Restate the records below word for word, and omit the images they hold.

————————

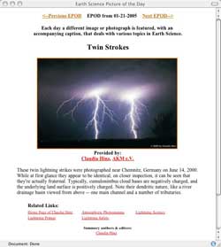 Regular readers of Educators' News know this site often features the Astronomy Picture of the Day (APOD). While preparing some materials for a presentation later on this week, I ran across the Earth Science Picture of the Day (EPOD)! I feel sort of sheepish, as it's been in operation since September 8, 2000. The Earth Science Picture of the Day is modeled after APOD and funded "by a grant from the NASA Goddard Directors Discretionary Fund (DDF) in collaboration with the Universities Space Research Association (USRA) Earth System Science Education (ESSE) program." Like APOD, there's a complete archive page that links to monthly archives with thumbnail photos. From the EPOD About page: The Earth Science Picture of the Day (EPOD) highlights the diverse processes and phenomena which shape our planet and our lives. EPOD will collect and archive photos, imagery, graphics, and artwork with short explanatory captions and links exemplifying features within the Earth system. The community is invited to contribute digital imagery, short captions and relevant links. Image contribution guidelines, and acceptable use policies can be found on at the EPOD main page. So...here's one more great source of science photos for use in the classroom. Missouri Lowers Testing Standards Mike Sherry of the Kansas City Star relates in Missouri lowers testing goals that Missouri has "significantly lowered test-score targets" necessary for complying with the federal No Child Left Behind law. Sherry writes: Under the new 2005 targets announced by the state Department of Elementary and Secondary Education, 26.6 percent of students will have to be proficient in communication arts, down from 38.8 percent. The math proficiency standard dropped to 17.5 percent from 31.1 percent. Tolerance Associated Press writer David Crary tells that "middle schools nationwide will participate in a "No Name-Calling Week" initiative." In U.S. middle schools to promote tolerance, Crary tells of the program "developed by the New York-based Gay, Lesbian & Straight Education Network, which seeks to ensure that schools safely accommodate students of all sexual orientations." The website, No Name-Calling Week, also tells a bit more about the program. ![]() I was in Indianapolis this week attending the Indiana Computer Educators Convention just across the street from the state capitol building when the news below broke. An excellent high school principal, whom I'd meet the previous week while doing a PRISM presentation at his school, sadly told me that his school system was going to lose $120,000 in owed state funds. Apparently, our new governor, no great friend of public education, had ordered millions of dollars already promised to public schools withheld. He's taken a number of controversial steps, including abrogating collective bargaining agreements with all state public employees and asking for the resignation of many state board and commission members, since taking office. Unchecked in his previous high-handed actions, he's now trying to balance the state budget imbalance on the back of Indiana's schoolchildren. New Indiana Governor Chops Education The Indianapolis Star's Staci Hupp and Jon Murray report on Indiana Governor Mitch Daniels's blindsiding Indiana schools in $27 million cut from schools: Gov. Daniels raises hackles by ordering funds withheld. The column states that Daniels "has ordered his budget director to withhold nearly $27 million that Indiana schools had counted on this spring as part of his promise to balance the state budget." While The Star reports the cuts at $27 million, other papers around Indiana are saying the cuts will equal a $52 million reduction in funds school officials already had budgeted.
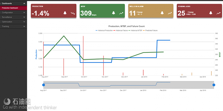 為了在更長的時間范圍內(nèi)確保資產(chǎn)的優(yōu)化與可靠性,該平臺的預測分析功能可以主動識別出較小的性能問題,防止其逐漸發(fā)展為更嚴重、更昂貴的問題。該功能將現(xiàn)場數(shù)據(jù)與高級分析工具相結(jié)合,以評估每口井的性能。
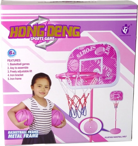 Attraente canestro rosa con motivo sportivo, ideale per i bambini.
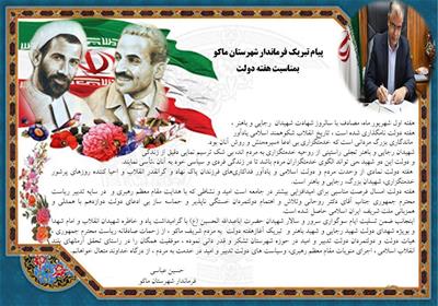 پیام تبریک فرماندار شهرستان ماکو بمناسبت هفته دولت
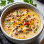Cheeseburger soup transforms the beloved flavors of a classic cheeseburger into a creamy, comforting dish. Perfect for chilly evenings or game day gatherings, this hearty soup boasts ground beef, melted cheese, and fresh vegetables in every spoonful. Easy to make and customize with your favorite toppings, this recipe is sure to become a family favorite—bringing warmth and nostalgia in every bowl.
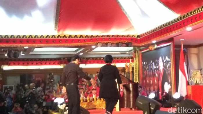 Momen itu berlangsung di arena Kongres V PDIP, Hotel Grand Inna Bali Beach, Sanur, Bali, Kamis (8/8/2019). Mega awalnya berdiri dari kursinya untuk naik ke panggung.
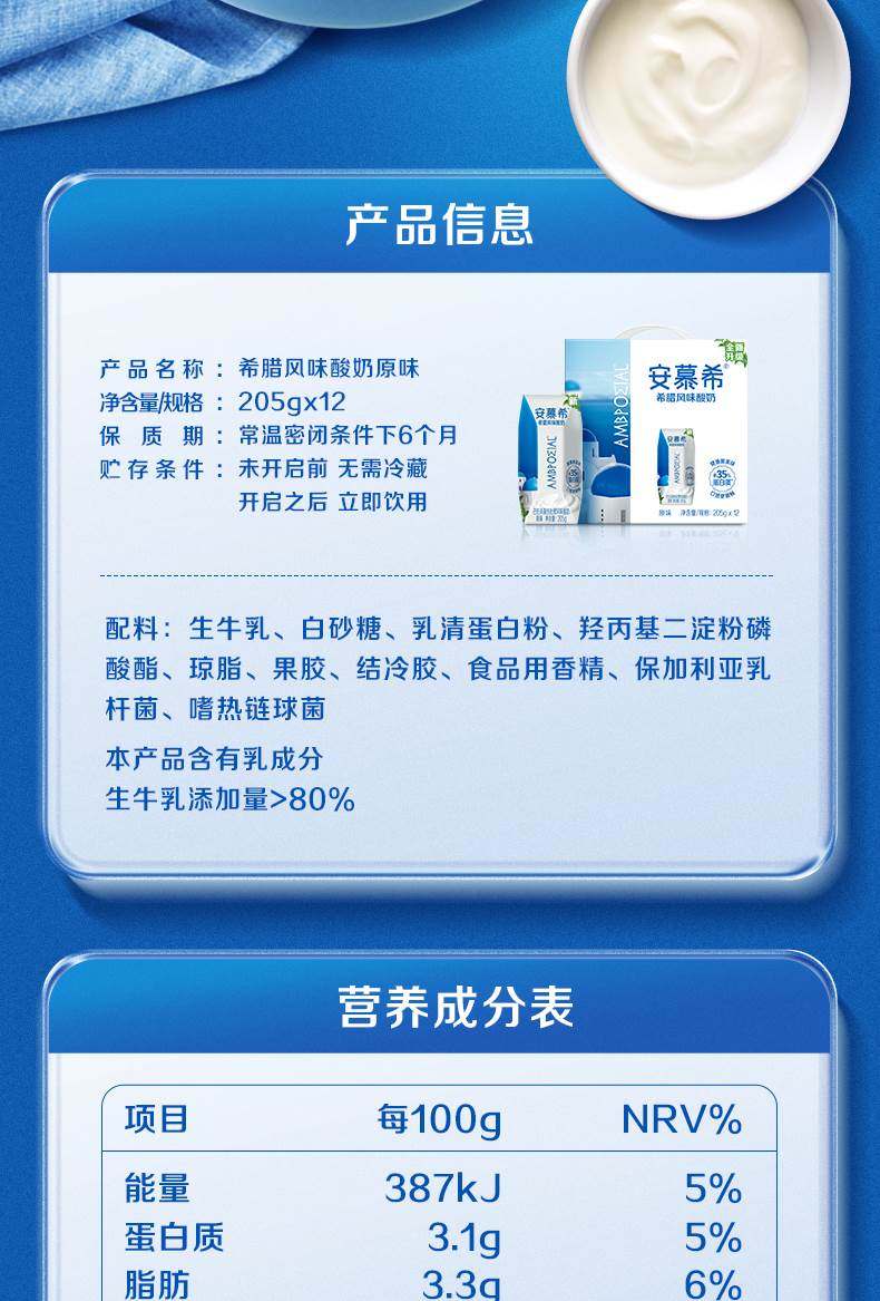安慕希 希腊风味酸奶原味礼盒205g*12

————————

Problem solution
 Regular readers of Educators' News know this site often features the Astronomy Picture of the Day (APOD). While preparing some materials for a presentation later on this week, I ran across the Earth Science Picture of the Day (EPOD)! I feel sort of sheepish, as it's been in operation since September 8, 2000. The Earth Science Picture of the Day is modeled after APOD and funded "by a grant from the NASA Goddard Directors Discretionary Fund (DDF) in collaboration with the Universities Space Research Association (USRA) Earth System Science Education (ESSE) program." Like APOD, there's a complete archive page that links to monthly archives with thumbnail photos. From the EPOD About page: The Earth Science Picture of the Day (EPOD) highlights the diverse processes and phenomena which shape our planet and our lives. EPOD will collect and archive photos, imagery, graphics, and artwork with short explanatory captions and links exemplifying features within the Earth system. The community is invited to contribute digital imagery, short captions and relevant links. Image contribution guidelines, and acceptable use policies can be found on at the EPOD main page. So...here's one more great source of science photos for use in the classroom. Missouri Lowers Testing Standards Mike Sherry of the Kansas City Star relates in Missouri lowers testing goals that Missouri has "significantly lowered test-score targets" necessary for complying with the federal No Child Left Behind law. Sherry writes: Under the new 2005 targets announced by the state Department of Elementary and Secondary Education, 26.6 percent of students will have to be proficient in communication arts, down from 38.8 percent. The math proficiency standard dropped to 17.5 percent from 31.1 percent. Tolerance Associated Press writer David Crary tells that "middle schools nationwide will participate in a "No Name-Calling Week" initiative." In U.S. middle schools to promote tolerance, Crary tells of the program "developed by the New York-based Gay, Lesbian & Straight Education Network, which seeks to ensure that schools safely accommodate students of all sexual orientations." The website, No Name-Calling Week, also tells a bit more about the program. ![]() I was in Indianapolis this week attending the Indiana Computer Educators Convention just across the street from the state capitol building when the news below broke. An excellent high school principal, whom I'd meet the previous week while doing a PRISM presentation at his school, sadly told me that his school system was going to lose $120,000 in owed state funds. Apparently, our new governor, no great friend of public education, had ordered millions of dollars already promised to public schools withheld. He's taken a number of controversial steps, including abrogating collective bargaining agreements with all state public employees and asking for the resignation of many state board and commission members, since taking office. Unchecked in his previous high-handed actions, he's now trying to balance the state budget imbalance on the back of Indiana's schoolchildren. New Indiana Governor Chops Education The Indianapolis Star's Staci Hupp and Jon Murray report on Indiana Governor Mitch Daniels's blindsiding Indiana schools in $27 million cut from schools: Gov. Daniels raises hackles by ordering funds withheld. The column states that Daniels "has ordered his budget director to withhold nearly $27 million that Indiana schools had counted on this spring as part of his promise to balance the state budget." While The Star reports the cuts at $27 million, other papers around Indiana are saying the cuts will equal a $52 million reduction in funds school officials already had budgeted.
 為了在更長的時間范圍內(nèi)確保資產(chǎn)的優(yōu)化與可靠性,該平臺的預測分析功能可以主動識別出較小的性能問題,防止其逐漸發(fā)展為更嚴重、更昂貴的問題。該功能將現(xiàn)場數(shù)據(jù)與高級分析工具相結(jié)合,以評估每口井的性能。
 Attraente canestro rosa con motivo sportivo, ideale per i bambini.
 پیام تبریک فرماندار شهرستان ماکو بمناسبت هفته دولت
Cheeseburger soup transforms the beloved flavors of a classic cheeseburger into a creamy, comforting dish. Perfect for chilly evenings or game day gatherings, this hearty soup boasts ground beef, melted cheese, and fresh vegetables in every spoonful. Easy to make and customize with your favorite toppings, this recipe is sure to become a family favorite—bringing warmth and nostalgia in every bowl.
 Momen itu berlangsung di arena Kongres V PDIP, Hotel Grand Inna Bali Beach, Sanur, Bali, Kamis (8/8/2019). Mega awalnya berdiri dari kursinya untuk naik ke panggung.
安慕希 希腊风味酸奶原味礼盒205g*12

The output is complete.